And he like gave this smile. It was like a very knowing smile. It was one of those like, you know, you know, kind of smiles. And then he like paused and like stopped and was like, I'm going to say something. I know I'm not going to say something. And then he walked away. And everyone was just like, oh, he fucking knows. And some right wingers were like, oh, you see, this is proof. This is proof that he knows and that he orchestrated it.
I don't know. I think Biden, as a politician, like ever since he was in the Senate, has always had a bit of a reputation for putting his foot in his mouth and saying things when he's not supposed to say them. The kind of funny one was when the Affordable Care Act passed.

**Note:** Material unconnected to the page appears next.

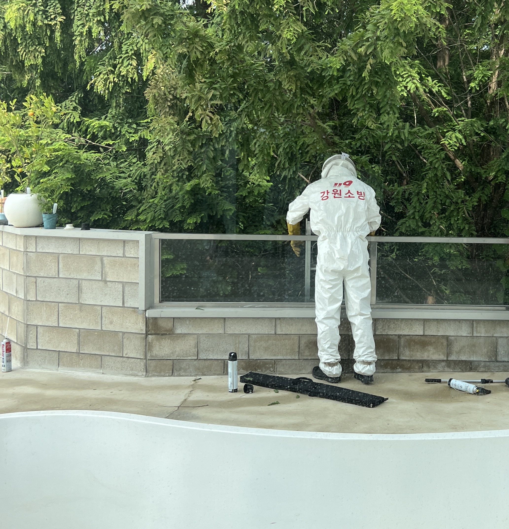 35도의 땡볕에서 방호복 입고 사다리 타고 석축에 숨겨진 장수말벌집을 말끔히 처리해 주셨습니다.

that Obama was giving a speech and he like turned around to shake Biden's hand. And Biden says, this is a big fucking deal into like the hot mic, not knowing the mic was still going. So, you know, he does tend to be a bit impulsive. But I think overall, the campaign strategy has been to keep the messaging on this extremely tight and like pretty strategic about when they bring it up, because I don't think they just want to go super loosey goosey on it and risk it.
becoming the meat of the campaign, because at the end of the day, even from their initial statement, what they are saying is that this conviction is not going to stop Trump from running or potentially assuming the presidency. Like if they want him out of office, Biden needs to win the election. So I think that's going to be their big angle going into this.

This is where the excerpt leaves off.